BACKGROUND: Malignant astrocytic gliomas in children show a remarkable biological and clinical diversity. Small in-frame insertions or missense mutations in the EGFR gene have recently been identified in a distinct subset of pediatric-type bithalamic gliomas with a unique DNA methylation pattern.
METHODS: Here, we investigated an epigenetically homogeneous cohort of malignant gliomas (n=58) distinct from other subtypes and enriched for pediatric cases and thalamic location, in comparison with this recently identified subtype of pediatric bithalamic gliomas. RESULTS: EGFR gene amplification was detected in 16/58 (27%) tumors, and missense mutations or small in-frame insertions in EGFR were found in 20/30 tumors with available sequencing data (67%; five of them co-occurring with EGFR amplification).
Additionally, eight of the 30 tumors (27%) harbored an H3.1 or H3.3 K27M mutation (six of them with a concomitant EGFR alteration). All tumors tested showed loss of H3K27me3 staining, with evidence of EZHIP overexpression in the H3 wildtype cases.

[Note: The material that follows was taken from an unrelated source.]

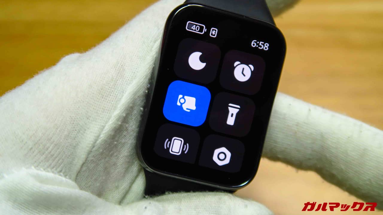 またXiaomi Smart Band 8 Proはアニメーションもかなり豊富です。メニューからアプリを開くときや通知、コントロールセンターを開くときなど、フェードイン・フェードアウトのアニメーションがヌルヌル動く。60FPSの恩恵をバチバチに感じますよこれ!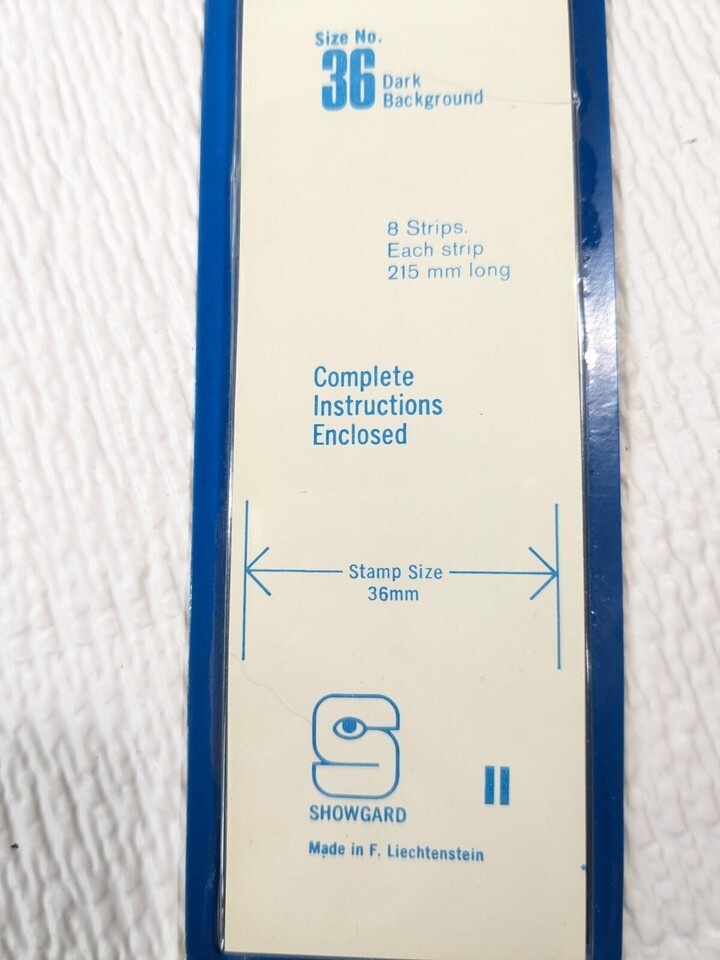 NEW Showgard Stamp Mounts size #36 dark background black 8 strips Vintage

Although some tumors indeed showed a bithalamic growth pattern, a significant proportion of tumors occurred in the unilateral thalamus or in other (predominantly midline) locations. CONCLUSIONS: Our findings present a distinct molecular class of pediatric-type malignant gliomas largely overlapping with the recently reported bithalamic gliomas characterized by EGFR alteration, but additionally showing a broader spectrum of EGFR alterations and tumor localization.
Global H3K27me3 loss in this group appears to be mediated by either H3 K27 mutation or EZHIP overexpression. EGFR inhibition may represent a potential therapeutic strategy in these highly aggressive gliomas.